EXERCISE: Starting at the first line of the entries below, restate each line exactly until you reach the line with "茅台系列酒价格最新动态更新:飞天系列,2", and print that one too. Leave the pictures out and stop there.

AVAILABLE DATA Block Start

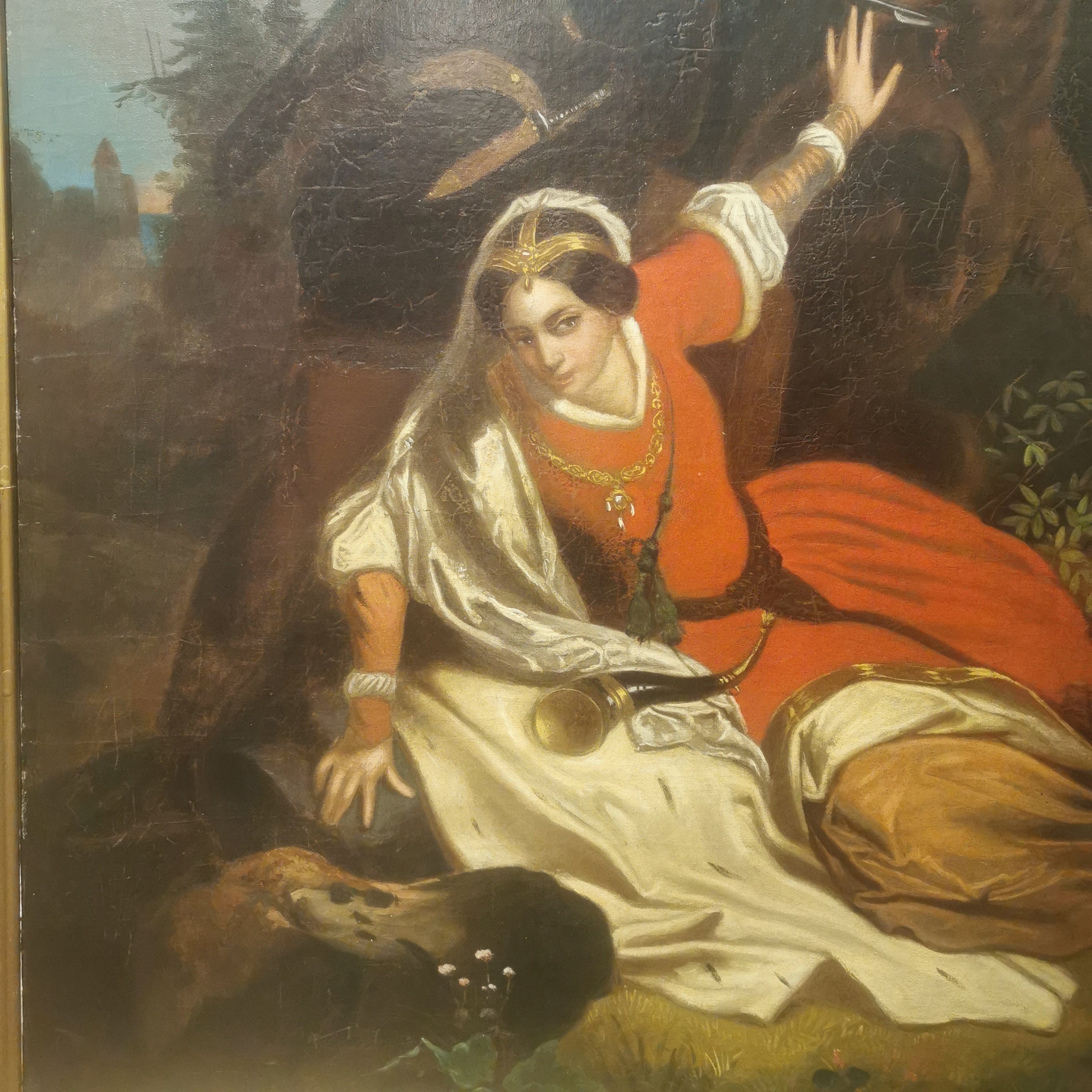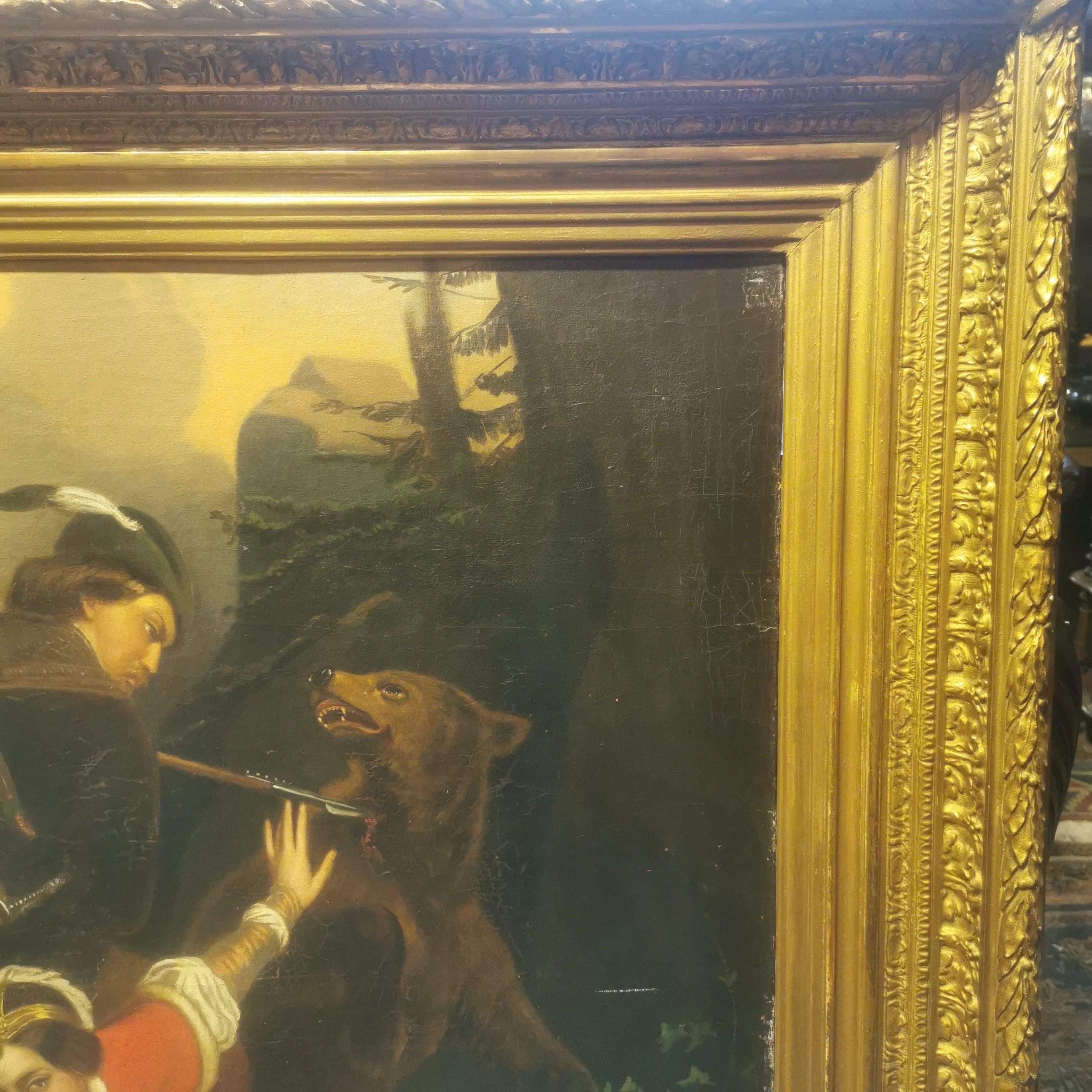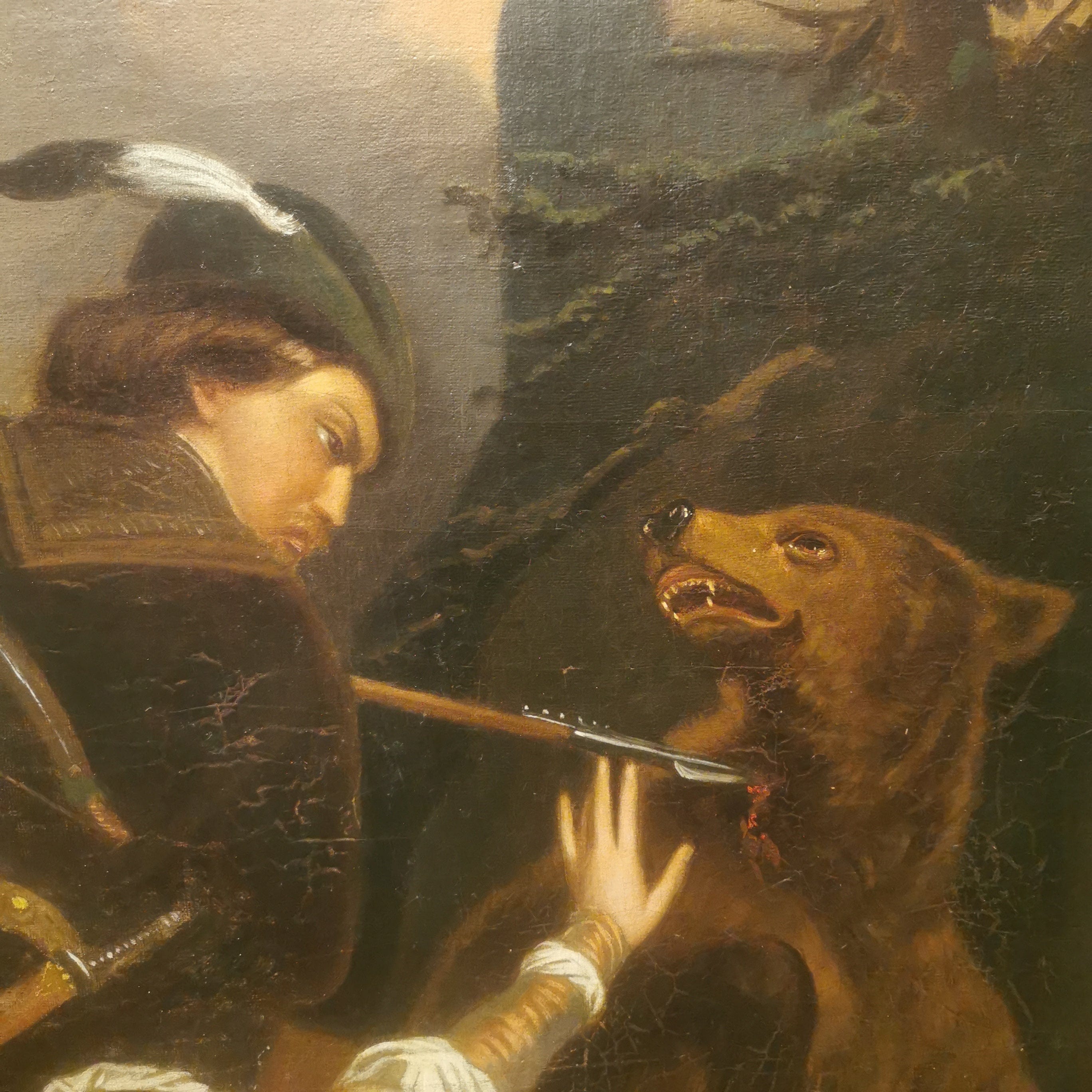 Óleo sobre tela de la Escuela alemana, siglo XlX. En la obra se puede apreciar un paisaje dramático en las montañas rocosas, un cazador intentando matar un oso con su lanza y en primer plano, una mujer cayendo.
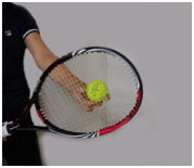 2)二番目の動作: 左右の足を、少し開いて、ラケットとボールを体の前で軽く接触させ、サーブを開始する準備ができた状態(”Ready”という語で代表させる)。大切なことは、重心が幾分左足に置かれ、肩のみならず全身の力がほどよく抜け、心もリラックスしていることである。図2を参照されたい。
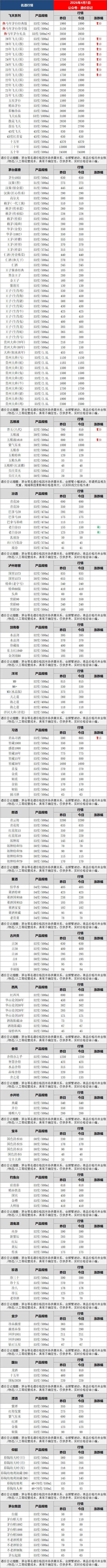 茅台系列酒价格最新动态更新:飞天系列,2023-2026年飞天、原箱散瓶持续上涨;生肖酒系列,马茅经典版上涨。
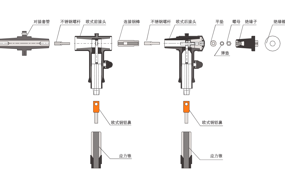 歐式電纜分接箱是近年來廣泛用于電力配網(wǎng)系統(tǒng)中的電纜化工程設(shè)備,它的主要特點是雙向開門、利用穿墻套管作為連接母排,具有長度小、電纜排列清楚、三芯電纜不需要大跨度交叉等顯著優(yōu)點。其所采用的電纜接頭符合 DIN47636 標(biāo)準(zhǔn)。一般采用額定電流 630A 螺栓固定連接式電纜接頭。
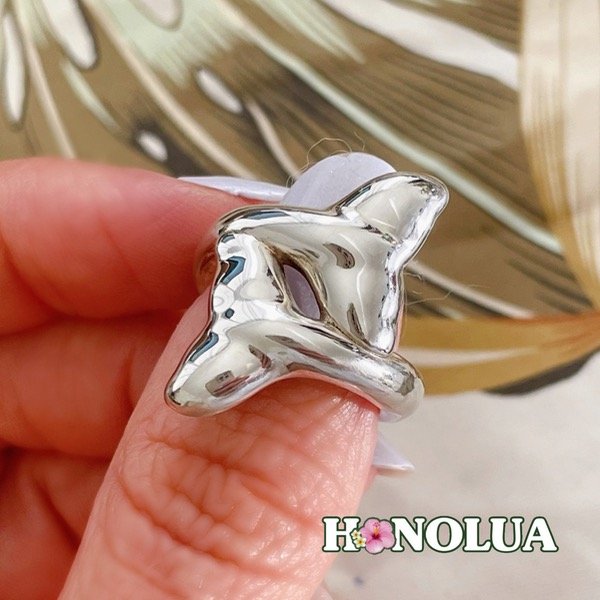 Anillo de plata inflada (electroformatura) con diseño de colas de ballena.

AVAILABLE DATA Block End

WRITTEN RESPONSE:
 Óleo sobre tela de la Escuela alemana, siglo XlX. En la obra se puede apreciar un paisaje dramático en las montañas rocosas, un cazador intentando matar un oso con su lanza y en primer plano, una mujer cayendo.
 2)二番目の動作: 左右の足を、少し開いて、ラケットとボールを体の前で軽く接触させ、サーブを開始する準備ができた状態(”Ready”という語で代表させる)。大切なことは、重心が幾分左足に置かれ、肩のみならず全身の力がほどよく抜け、心もリラックスしていることである。図2を参照されたい。
 茅台系列酒价格最新动态更新:飞天系列,2023-2026年飞天、原箱散瓶持续上涨;生肖酒系列,马茅经典版上涨。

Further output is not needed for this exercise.